▸ Task instructions
Reproduce the records word for word, from the first line to the line containing "Stan Marsh from".

Dataset items
--*--
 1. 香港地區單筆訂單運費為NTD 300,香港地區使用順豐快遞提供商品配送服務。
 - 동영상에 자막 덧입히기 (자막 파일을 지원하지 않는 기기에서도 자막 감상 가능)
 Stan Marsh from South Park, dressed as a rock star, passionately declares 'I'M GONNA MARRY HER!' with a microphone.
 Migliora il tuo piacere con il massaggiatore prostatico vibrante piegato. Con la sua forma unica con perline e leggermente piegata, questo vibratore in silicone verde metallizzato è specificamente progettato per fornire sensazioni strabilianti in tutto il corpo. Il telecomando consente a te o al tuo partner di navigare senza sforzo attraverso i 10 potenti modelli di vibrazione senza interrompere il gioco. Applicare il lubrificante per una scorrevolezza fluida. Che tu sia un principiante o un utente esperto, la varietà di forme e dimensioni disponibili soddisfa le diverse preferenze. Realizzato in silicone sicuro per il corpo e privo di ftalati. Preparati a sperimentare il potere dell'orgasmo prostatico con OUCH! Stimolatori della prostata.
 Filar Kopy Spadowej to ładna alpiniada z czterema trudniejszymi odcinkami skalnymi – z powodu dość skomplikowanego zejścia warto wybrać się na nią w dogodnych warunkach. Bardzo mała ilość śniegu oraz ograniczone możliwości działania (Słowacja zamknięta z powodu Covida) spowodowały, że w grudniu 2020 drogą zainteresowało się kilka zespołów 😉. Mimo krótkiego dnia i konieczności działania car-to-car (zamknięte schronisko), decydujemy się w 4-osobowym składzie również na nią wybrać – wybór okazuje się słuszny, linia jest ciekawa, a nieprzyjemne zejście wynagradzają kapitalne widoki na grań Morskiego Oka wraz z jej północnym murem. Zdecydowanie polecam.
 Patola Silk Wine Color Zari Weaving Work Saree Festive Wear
--*--
▸ Response to this task
 1. 香港地區單筆訂單運費為NTD 300,香港地區使用順豐快遞提供商品配送服務。
 - 동영상에 자막 덧입히기 (자막 파일을 지원하지 않는 기기에서도 자막 감상 가능)
 Stan Marsh from South Park, dressed as a rock star, passionately declares 'I'M GONNA MARRY HER!' with a microphone.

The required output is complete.